Баллон ничего не ответил.

— Понимаешь, тут все в масках. Плохие парни… Маски… Они пытаются скрыть свои лица.

Баллон по-прежнему молчал.

— Ну ладно, а где же моя мама? Ты не знаешь? Где моя мама?

Баллон хранил молчание.

Джейсон некоторое время продолжал в том же духе, а потом наконец понял, что кислородный баллон вряд ли что-то ему ответит.

И тут случилось нечто невероятное. Джейсон обернулся к брату и назвал его по имени:

— Джон, там ведь никого нет? Эта штука не умеет говорить…

Джон расхохотался сквозь слезы. Он взял Джейсона за руку.

— Да, братишка, там никого нет. Это не человек. Это кислородный баллон.

Вспышка просветления была короткой. Мимолетной. Она продлилась ровно столько, сколько нужно было, чтобы обменяться этими несколькими словами. Джейсон произнес два предложения. Десять коротких слов. Но это так много значило. Для Джона это было чудом, первым знаком того, что его брат сохранил рассудок.

Он вышел из палаты и направился в кафетерий, где его ждали Патти, Майк и Карла.

— Джейсон приходил в себя! — крикнул Джон. — Я сидел рядом с ним, а он повернул ко мне голову и назвал меня по имени! Он узнал меня!

Джон рассказал, как Джейсон — всего на несколько секунд — очнулся.

— Да, я хвастаюсь его успехами, — весело говорил Джон. — Почему бы и нет? Это мой брат, я люблю его!

Этот случай показался всем очень забавным. Говорить с кислородным баллоном о том, как они вместе сбегут, — да, это было в духе Джейсона. В тот момент все смеялись от радости и облегчения, и, видит Бог, этот смех был тогда им очень нужен. Юмор жизненно необходим. Он дал Морганам силы пережить то, что, казалось, пережить невозможно.
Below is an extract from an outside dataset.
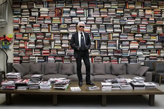 Obok projektowania Lagerfeld lubił przesiadywać w paryskich kawiarniach i księgarniach, w których kupował kilka książek tygodniowo. Obok mody były one jego największą pasją. W ciągu swojego życia zgromadził 300 tys. książek, wśród nich wiele albumów mody i sztuki, ale i tomów wierszy, które chętnie czytał. – Najlepsze są weekendy, kiedy mogę poczytać książki, które kupiłem w czasie tygodnia – opowiadał Lagerfeld – przerzucać strony, czytać, notować, pomarzyć, coś narysować i zdrzemnąć się i w ogóle nie wiedzieć, która godzina.
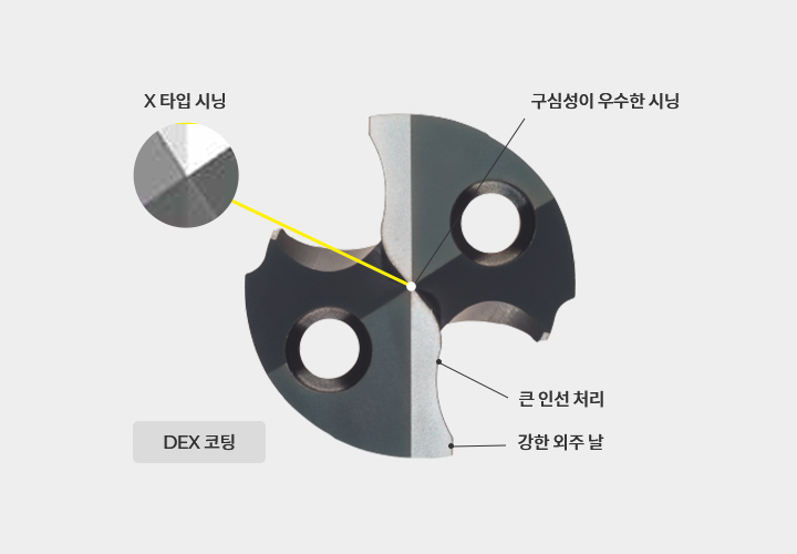 X 타입 시닝으로 절입 시 구심성이 우수하여 안정된 홀 가공을 실현.

Конечно, смех быстро превратился в слезы. Семья Морган плакала, смеялась, смеялась сквозь слезы, и все это каким-то образом становилось важной частью процесса преодоления. Джейсон лежал в коме и боролся за жизнь, а его семья находила в себе силы для смеха. Говорят, смех лечит душу. Тогда, в то время он был как бы проблеском нормальной жизни, на шаг приближая обоих братьев к прошлому. У Джона и Джейсона всегда были такие отношения: они постоянно шутили, не давая друг другу спуску.

Хирург попытался вернуть Морганов к реальности:

— Даже если Джейсон что-то говорит и узнаёт людей, не думайте, что он уже выкарабкался. Это как маятник. Джейсон еще не в порядке.

Патти покачала головой, улыбаясь сквозь слезы:

— Джейсон в порядке. Он возвращается.

Джон широко улыбнулся; его глаза были полны слез.

— Конечно, он говорил всего лишь с кислородным баллоном, но ведь говорил! И, по крайней мере, не пытался пригласить его на свидание!

— Он постоянно зовет маму, — пожаловался Майк, по-техасски раскатисто смеясь. — Когда уже он соскучится по своему неотесанному бате?

Джейсон был раздавлен. Его тело с головы до пят покрывали темные фиолетово-зеленые пятна. Лежа в коме, он боролся с тяжелой инфекцией. Будучи не в состоянии говорить, он даже не мог объяснить врачам, что у него болит, а что нет. И все-таки не было ничего плохого в том, чтобы надеяться.